Qui scotche, le Financial times, le Figaro comme les Echos, le groupe pétrolier saoudien Saoudi Aramco a dégagé 111,1 milliards de dollars de bénéfices l'an dernier, elle est  la compagnie la plus proftable du monde,  plus rentable que tout le cac 40 réuni disent les echos.. Elle n'avait jamais publié ses comptes, Aramco, depuis sa nationalisation à la fin des années 70, mais elle devait le faire car elle veut emprunter sur les marchés, pour acheter une autre entreprise, et voyez-vous, Aramco la prospère a des fragilités et son avenir n'est pas garanti... L'Etat saoudien la ponctionne à 50% pour financer le train de vie de ses princes, mais aussi des dépenses sociales et militaires. Tiens, l'Humanité s'indigne de nos ventes d'armes qui se poursuivent à l'Arabie saoudite, l'Allemagne les a gelées jusqu'en septembre prochain... On sait au moins d'où vient l'argent de nos armes, des impôts de Aramco... 
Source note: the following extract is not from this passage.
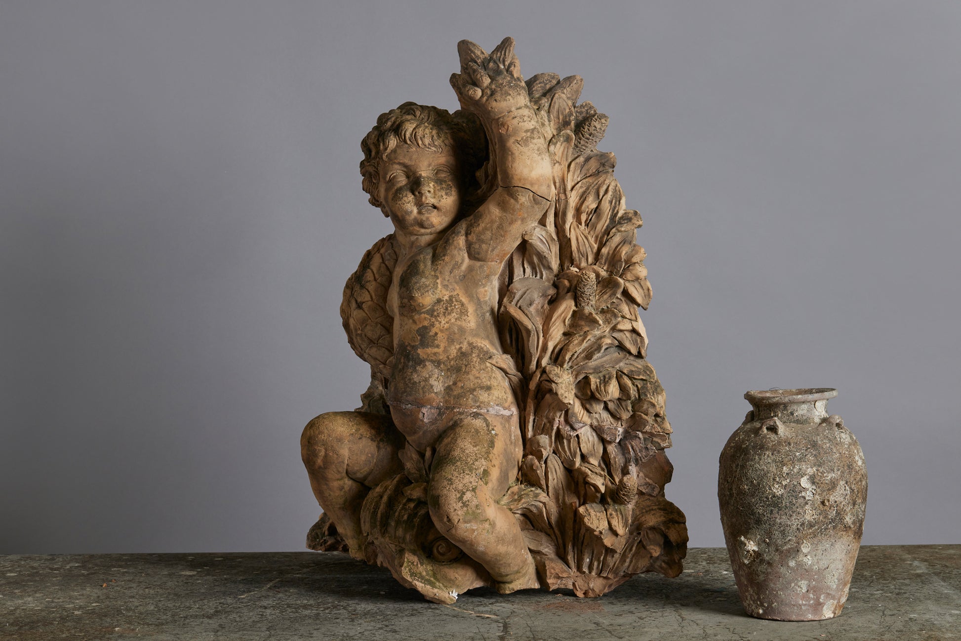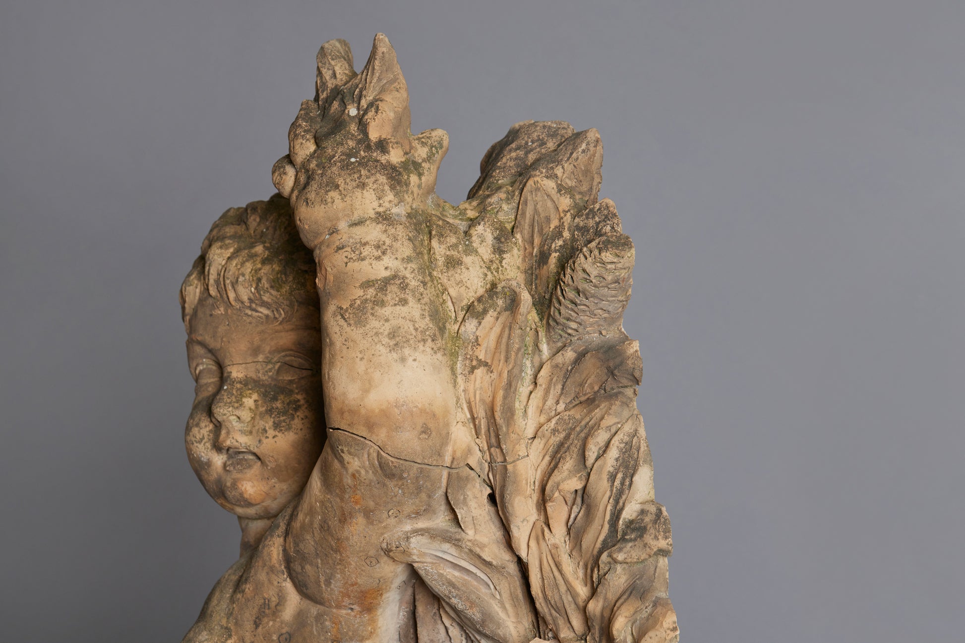 Mid to Late 18th Century Terra Cotta Fountainhead of a Putto Riding a Dolphin

Il est d'autres taxes plus modestes, mais bien utiles. les Echos encore racontent comment l'Europe a sauvé les vélos européens, menacés par la chine et autres conquérants asiatiques: par des taxes anti-dumping, qui vont de 10 à 70 %. L'économie est une guerre, rien n'y échappe. dans l'equipe le suisse Betrand Piccard, qui fit le tour du monde en avion solaire, nous glace dans une prophétie: "Les dinosaures auraient du parler aux oiseaux", dit-il à propos de l'industrie automobile européenne, qui ne saurait pas innover.

Dans le Figaro on me raconte une histoire qui se voudrait joyeuse. En Finlande, à Oulu dans la ville qui fut la capitale de Nokia, mais que la crise a saisi, des entrepreneurs se jettent dans l'eau glacée de la banquise pour vendre leur start-ups aux investisseurs...  Les corps sont un outil. En Inde, je le lis dans le Monde, des politiciens se suicident pour attirer l'électeur, Arun Pathak  de Benares qui se"st coupé les veines, a avalé du Valium, s’est immolé, et s’est jeté dans le Gange, une pierre attachée à la jambe, au nom du bien de la nation et pour qu'on l'entende. C'est plus risqué que passer à la télé. 

La croix publie une liste de 566 noms. ceux des morts de la rue, l'an dernier, en france, quand Aramaco faisait 111 miliards de bénéfices; Dans un gentil quartier de Paris, Pernety, me dit le Parisien, on va rendre hommage à André qui était sans abri et égayait le quartier de son vélo décoré de doudous et d'un drapeau du PSG, il est mort il ya d eux semaines à la pitié Salpétrière, le père françois de la paroisse notre dame du travail priera demain soir pour ce brave type, est-il meilleure épitaphe que ces deux mots.  

Et le communisme s'expose à Paris

Qui fut une espérance et un dérèglement esthétique avant de mal tourner et de subir le réalisme d'Etat, et ce communisme  nourrit l'Humanité, Libération par la plume de Philippe Lançon, et une revue que je vous conseille, l'oeil,  tout entière consacrée à l'image, ces trois journaux qui nous raconte une exposition au Grand palais, où l'on brasse l'art soviétique de 1919 à la mort de Staline, quand les artistes révolutionnaires renonçaient aux beaux-arts pour embrasser les temps nouveaux, puis le gel vint et dans une toile académique, Gorki faisait la lecture au dictateur Staline dont le bras atrophié était retouché... Libération me cite ces mots désabusés d'un linguiste russe...  «Nous nous sommes jetés vers l'avenir avec tr op de fougue et d'avidité pour pouvoir garder un passé. Nous avons trop vécu par le futur, trop pensé à lui, cru en lui, nous n'avons plus la sensation d’une actualité qui se suffise à elle-même, nous avons perdu le sentiment du présent.» 

Parfois, en l'âge technologique, ce vertige communiste est aussi le notre.